■ **What you are asked to do**
Print the data exactly as written, line for line, and leave its pictures behind.

■ **Supplied data**

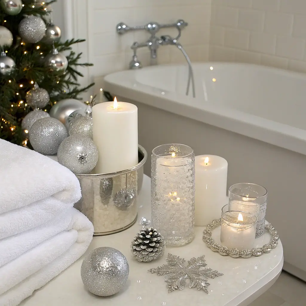 Metallic silver accessories catch light beautifully – think soap dispensers, tissue holders, and waste baskets. Add silver tinsel garland sparingly around mirrors or light fixtures. Silver and white towels, crystal-clear containers filled with silver ornaments, and mercury glass candle holders create layers of elegance.
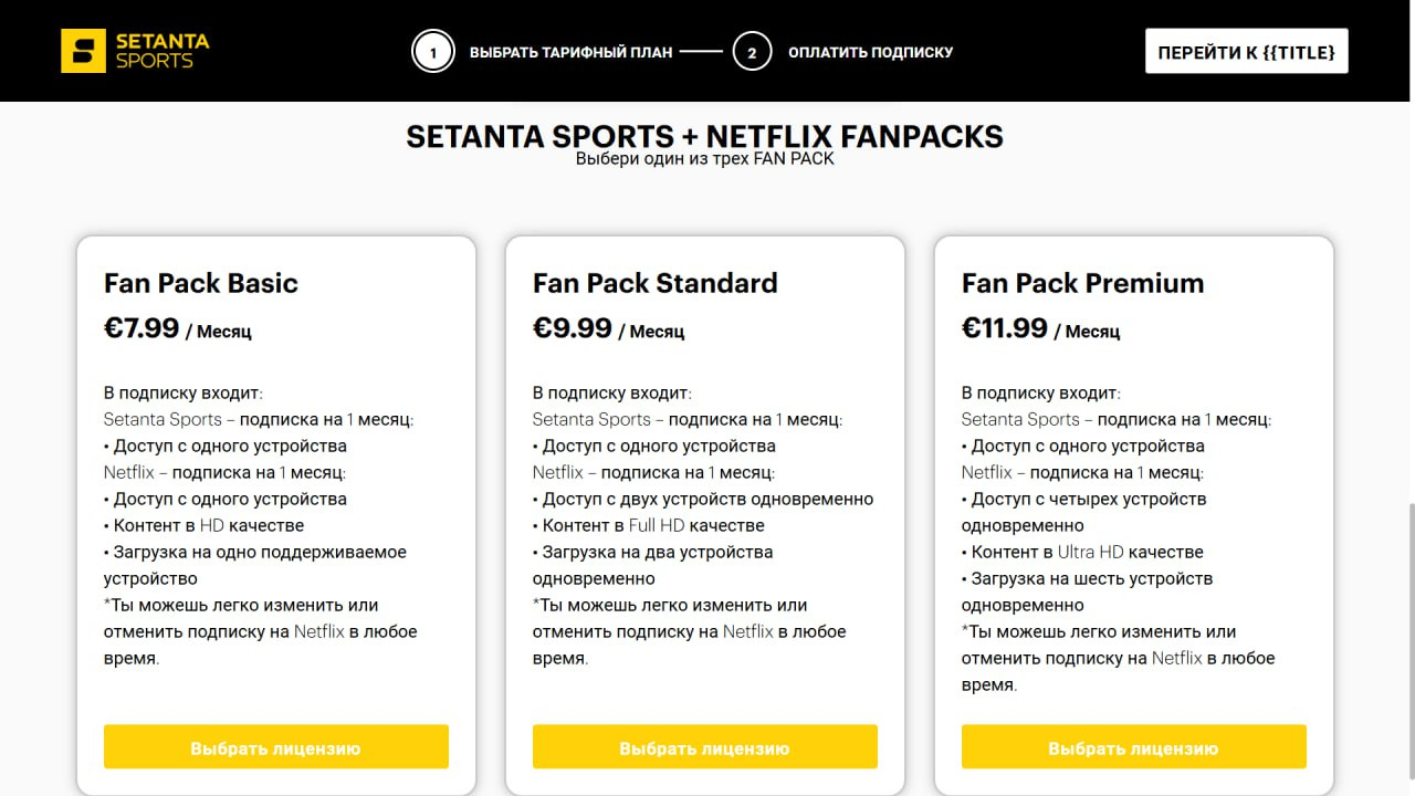 - Нужно зайти на сайт setantasports.com и выбрать один из трех FAN PACK (именно FAN PACK) - стоимость такая же, как у Netflix, но еще получаете доступ на Setanta Sports.
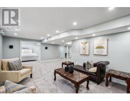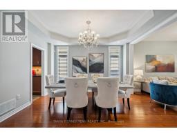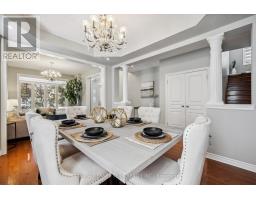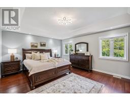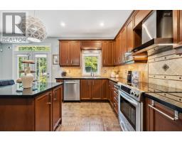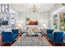 Prestigious executive home on a premium treed ravine lot, offering unparalleled privacy and resort-style living. This luxurious 4+1 bedroom home showcases manicured perennial gardens, gated access on both sides, and a serene wooded pond - your own private sanctuary! Step inside to a grand cathedral-ceiling foyer and an elegant open-concept main floor appointed with rich hardwood, pot lights, wrought-iron staircase, and 9 ft ceilings. Entertain in the sophisticated formal living and dining rooms with coffered ceiling, or relax in the refined family room featuring a custom gas fireplace. The gourmet chef's kitchen impresses with quartz counters, ceramic backsplash, centre island with breakfast bar, pantry, and dedicated servery with walk-out to the tranquil backyard oasis. Main floor laundry offers granite counters, sink and garage access. The upper level boasts four generous bedrooms - each with it's own ensuite. The lavish primary retreat offers coffered ceiling, his & hers walk-in closets with organizers, and a spa-inspired 5-pc ensuite with a deep soaker tub. The fully finished lower level provides exceptional versatility showcasing a bright in-law suite complete with above-grade windows, full kitchen, large rec room with built-ins and surround-sound wiring, 5th bedroom, dining area and 3-pc bath. Nestled steps from top schools, parks, trails, major retailers, and highway access - this is luxury living at it's finest! (id:61594)

■ **Task answer**
 Metallic silver accessories catch light beautifully – think soap dispensers, tissue holders, and waste baskets. Add silver tinsel garland sparingly around mirrors or light fixtures. Silver and white towels, crystal-clear containers filled with silver ornaments, and mercury glass candle holders create layers of elegance.
 - Нужно зайти на сайт setantasports.com и выбрать один из трех FAN PACK (именно FAN PACK) - стоимость такая же, как у Netflix, но еще получаете доступ на Setanta Sports.
 Prestigious executive home on a premium treed ravine lot, offering unparalleled privacy and resort-style living. This luxurious 4+1 bedroom home showcases manicured perennial gardens, gated access on both sides, and a serene wooded pond - your own private sanctuary! Step inside to a grand cathedral-ceiling foyer and an elegant open-concept main floor appointed with rich hardwood, pot lights, wrought-iron staircase, and 9 ft ceilings. Entertain in the sophisticated formal living and dining rooms with coffered ceiling, or relax in the refined family room featuring a custom gas fireplace. The gourmet chef's kitchen impresses with quartz counters, ceramic backsplash, centre island with breakfast bar, pantry, and dedicated servery with walk-out to the tranquil backyard oasis. Main floor laundry offers granite counters, sink and garage access. The upper level boasts four generous bedrooms - each with it's own ensuite. The lavish primary retreat offers coffered ceiling, his & hers walk-in closets with organizers, and a spa-inspired 5-pc ensuite with a deep soaker tub. The fully finished lower level provides exceptional versatility showcasing a bright in-law suite complete with above-grade windows, full kitchen, large rec room with built-ins and surround-sound wiring, 5th bedroom, dining area and 3-pc bath. Nestled steps from top schools, parks, trails, major retailers, and highway access - this is luxury living at it's finest! (id:61594)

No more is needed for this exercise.